Revolutionary Pet Injury Prevention & Recovery with Caldera International
By Brittany Pomales When you sprain your ankle, you reach into the freezer for some ice or maybe you head to your nearest pharmacy to pick up a cold pack. But what happens when your pet has a painf…
By Brittany Pomales
When you sprain your ankle, you reach into the freezer for some ice or maybe you head to your nearest pharmacy to pick up a cold pack. But what happens when your pet has a painful joint? The medical technology available to man’s best friend now parallels that of human medicine, and although you may not be able to find them at your local pharmacy (yet!) pet therapy packs do exist
Caldera International, Inc specializes in pet therapy wraps, a non-pharmaceutical form of pain relief. Daniel Godfrey, President of Caldera International, Inc., founded the Portland, Oregon, based company in 1999. He started out by visiting every small-town pharmacy and general store across Oregon and convincing them to stock the Caldera human therapy wraps. With Daniels’ commitment and core value of improving lives through Caldera products, the use of human therapy wraps spread across the country.
The task of icing a pet’s limb often turns into a wrestling match: trying to get your pet into a lying position, keeping the animal still, and applying the pack for the directed 20 minutes – it’s an experience that often leaves both pet and owner pretty stressed.

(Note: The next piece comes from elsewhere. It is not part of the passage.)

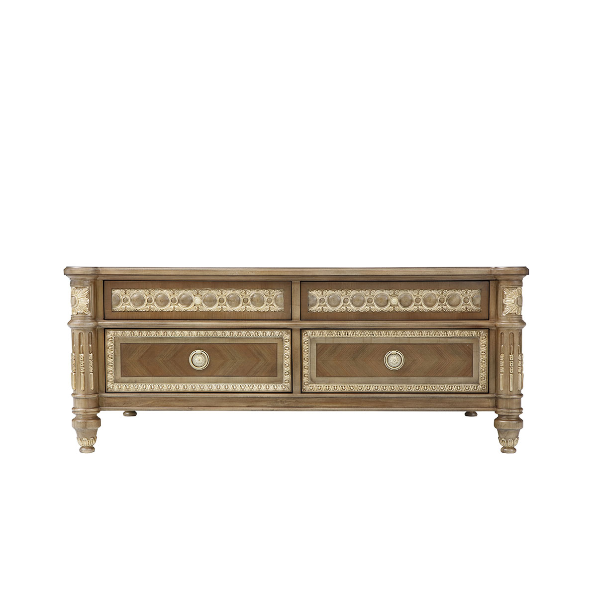 • 手工雕刻的工藝細(xì)節(jié) • 結(jié)實(shí)的連接技術(shù) • 4個(gè)為儲物抽斗,而在其底部采用經(jīng)典硬木實(shí)木滑軌設(shè)計(jì)

In 2015, a large veterinary specialty center approached Daniel to make a functional line of hot and cold therapy wraps for dogs. In a little more than two years, and with the aid of their rehabilitation department, several animal surgeons, and technicians, Caldera introduced a line of Hot & Cold Pet Therapy Wraps. The wraps went through an extensive design and development process including a wear test program using a variety of dogs. The result was 16 veterinarian-endorsed products that are revolutionizing injury prevention and recovery for pets.
The easy-to-use system of Velcro™ secured wraps and quick release buckles creates a reliable and custom fit. Designed with a dog’s anatomy in mind, they provide comfort and pet mobility.
In the case of slobber and doggy drool, the wraps are made with antibacterial fabric and are machine washable. Designed for every size and breed, they are tailored to target the carpal, shoulder, elbow, hip, stifle, and tarsal areas. Easy to handle gel pack fit into the wraps. The gel packs are freezer and microwave safe and made in the USA.
When cold, the wraps help with the care of soft tissue injuries by minimizing swelling, inflammation, and pain. When hot, they help open blood vessels and increase blood flow, which can reduce recovery time after surgery. There is an easy to use guide on the Caldera website, with illustrations on how to apply the wraps.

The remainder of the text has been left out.